The study found no significant overall clinical benefit from ConvP treatment in hospitalized COVID-19 patients. There was no difference in mortality, time to improvement on the WHO disease severity scale, hospital length of stay, or viral clearance between the ConvP and SoC groups. Immunological analyses revealed that the majority (80%) of patients already possessed potent neutralizing antibodies at hospital admission, with titers comparable to those in the selected ConvP donors. Furthermore, ConvP treatment did not significantly affect inflammatory cytokine levels. The high prevalence of pre-existing neutralizing antibodies in hospitalized patients likely contributed to the lack of observed clinical benefit from ConvP treatment. The trial was prematurely terminated due to the low likelihood of detecting a significant clinical effect given the high baseline antibody levels in the patient population. No serious adverse events related to ConvP were observed.

This study's findings challenge the assumption that ConvP would benefit hospitalized COVID-19 patients. The lack of observed benefit highlights the importance of considering the timing of intervention and the baseline immune status of patients. The high prevalence of pre-existing neutralizing antibodies in hospitalized patients suggests that ConvP administration might be more beneficial earlier in the disease course, before the development of a robust autologous humoral immune response. The results underscore the critical need for accurate selection criteria for ConvP treatment and optimal timing of intervention. Future studies should focus on earlier stages of infection, ideally before the patient's own immune system mounts a significant antibody response, to maximize the potential benefits of ConvP treatment.

This randomized controlled trial demonstrated no clinical benefit from convalescent plasma in hospitalized COVID-19 patients. The high prevalence of pre-existing neutralizing antibodies in this population likely explains this result. Future research should explore the use of convalescent plasma much earlier in the disease course, ideally before the development of a substantial autologous antibody response. Rigorous selection of patients and donors, including functional antibody assays, is crucial for future trials.
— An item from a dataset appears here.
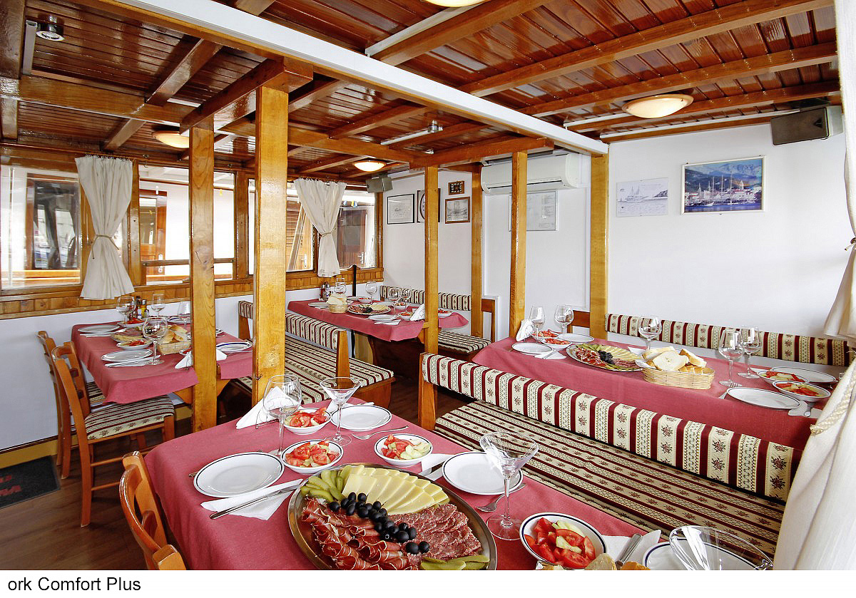 lodě kategorie Comfort plus / motorové plachetnice s dřevěným nebo ocelovým trupem, lodě kategorie Premium / pohodlné a moderně navržené motorové plachetnice a motorové jachty, většinou s ocelovým trupem, většina plavidel má koupací plošinu na zádi, lodě kategorie Deluxe / luxusní motorové jachty s ocelovým trupem, krytý salonek na horní palubě a koupací plošina na zádi.Za příplatek lze rezervovat kajutu na palubě, pouze předem na vyžádání. U kategorie Comfort plus voda ze sprchy odtéká do podlahové vpusti, nejedná se o sprchový kout a není oddělená závěsem.
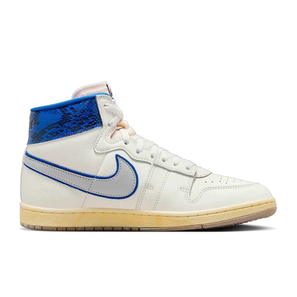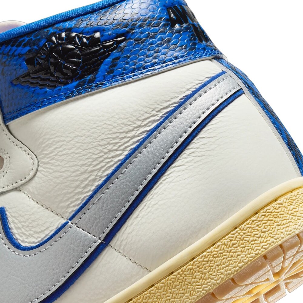 Jordan 傳統深植於紐約市,Michael Jordan 的出生地跟 Jordan 品牌的發展有著絕對的關聯性,本次與 Awake NY 聯名合作,就是要致敬這段淵源。在 AJ1 出現前,Michael Jordan 穿著的是 Jordan Air Ship,於是我們向此根源致敬。此版本混搭乳白色皮革鞋面與湛藍色蛇皮裝飾,並將金屬白金色 Swoosh 層疊在湛藍色 Swoosh 之上。深具歷史意義的布魯克林湛藍色調,彰顯這雙鞋款的 MJ 根源。這款 Air Ship 也採用品牌標誌,包括品牌聯名鞋舌標籤,擋泥罩縫有 Awake NY 的招牌「A」標誌,鞋跟則飾有「Awake NY」的戳印。最後以專屬包裝圓滿造型。

The early termination of the trial limits the definitive conclusions that can be drawn. The study's focus on hospitalized patients, who already had some degree of immune response, might not fully reflect the potential benefits of convalescent plasma in earlier stages of the disease. The study's sample size may have been insufficient to detect smaller but potentially clinically relevant effects of ConvP treatment. The lack of information on corticosteroid use could be a confounding factor.